**TRY IT**:
The expected response is the complete listing below, restated exactly, with its pictures omitted.

**DATA BELOW**:
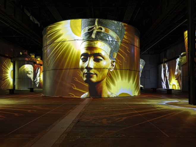 Dem Alltag entfliehen und in eine Welt voller lebendiger Geschichte, Kunst und Kultur eintauchen – das ermöglicht Phoenix des Lumières mit seiner neuen Hauptausstellung. Nach einer kurzen Umbaupause öffnet das Kunstzentrum am 24. Januar 2025 erneut seine Tore und lädt seine Gäste auf eine spektakuläre Reise durch die Zeit ein. Mithilfe modernster Technik – über 100 Projektoren, 28 Lautsprechern und einem passgenau zusammengestellten Soundtrack – erweckt die Ausstellung unter anderem das Alte Ägypten wieder zum Leben. Besucherinnen und Besucher können scheinbar zwischen monumentalen Pyramiden, geheimnisvollen Tempeln und prunkvollen Grabmälern umherwandern und sich von prächtigen Schmuckstücken und einer fast magisch wirkenden Welt inspirieren lassen.
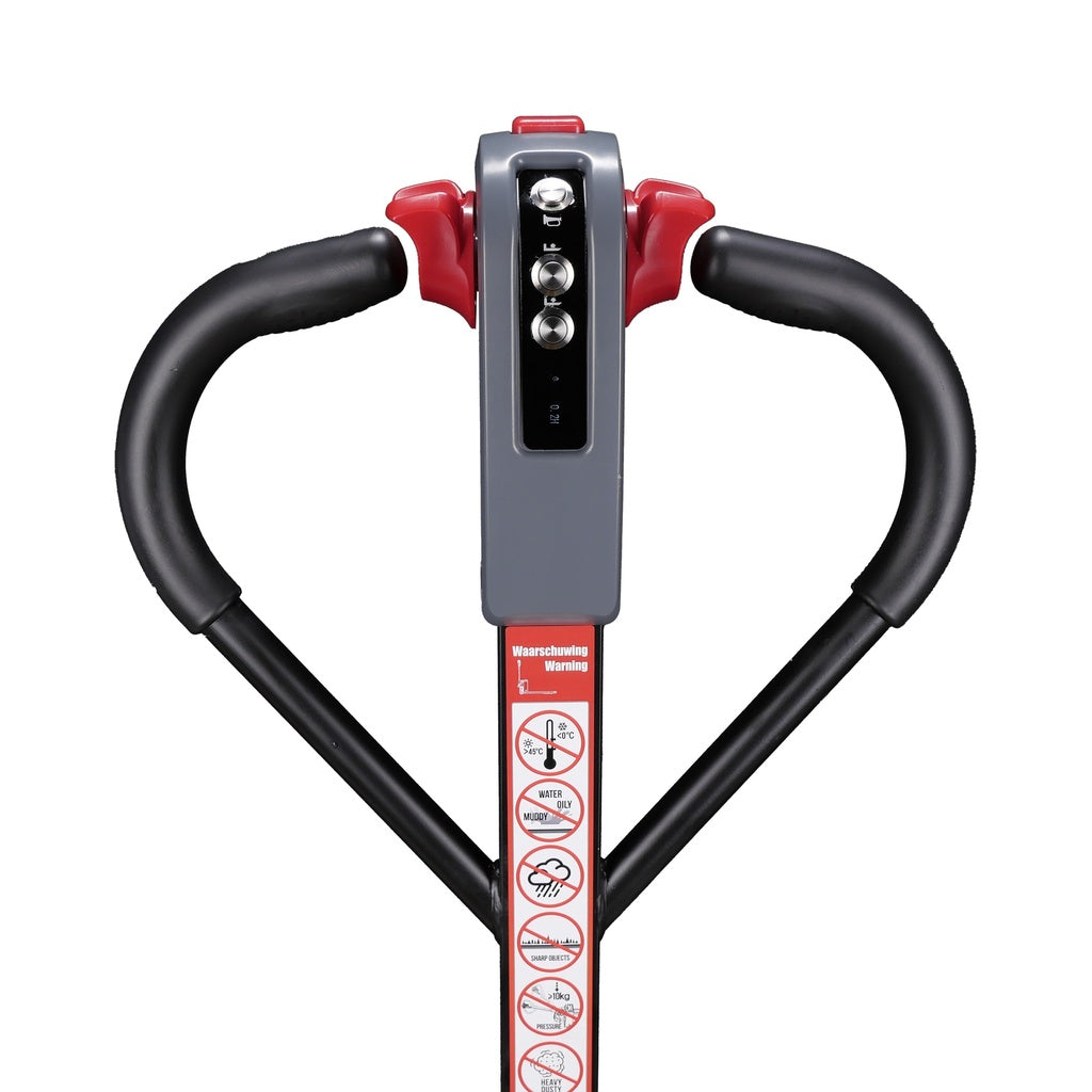 Bediening verloopt via de dissel, met elektrisch rijden, heffen en dalen zodat de fysieke belasting tijdens pallettransport afneemt. Aandrijving gebeurt via een borstelloze motor om het onderhoud aan de motor te beperken, terwijl polyurethaanwielen zorgen voor stabiele rijeigenschappen en goede tractie op vlakke, gladde vloeren.
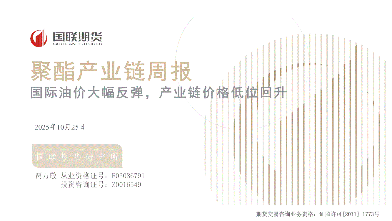 研报:国联期货-聚酯产业链周报:国际油价大幅反弹,产业链价格低位回升-251025

**RESULT FOR THIS TASK**:
 Dem Alltag entfliehen und in eine Welt voller lebendiger Geschichte, Kunst und Kultur eintauchen – das ermöglicht Phoenix des Lumières mit seiner neuen Hauptausstellung. Nach einer kurzen Umbaupause öffnet das Kunstzentrum am 24. Januar 2025 erneut seine Tore und lädt seine Gäste auf eine spektakuläre Reise durch die Zeit ein. Mithilfe modernster Technik – über 100 Projektoren, 28 Lautsprechern und einem passgenau zusammengestellten Soundtrack – erweckt die Ausstellung unter anderem das Alte Ägypten wieder zum Leben. Besucherinnen und Besucher können scheinbar zwischen monumentalen Pyramiden, geheimnisvollen Tempeln und prunkvollen Grabmälern umherwandern und sich von prächtigen Schmuckstücken und einer fast magisch wirkenden Welt inspirieren lassen.
 Bediening verloopt via de dissel, met elektrisch rijden, heffen en dalen zodat de fysieke belasting tijdens pallettransport afneemt. Aandrijving gebeurt via een borstelloze motor om het onderhoud aan de motor te beperken, terwijl polyurethaanwielen zorgen voor stabiele rijeigenschappen en goede tractie op vlakke, gladde vloeren.
 研报:国联期货-聚酯产业链周报:国际油价大幅反弹,产业链价格低位回升-251025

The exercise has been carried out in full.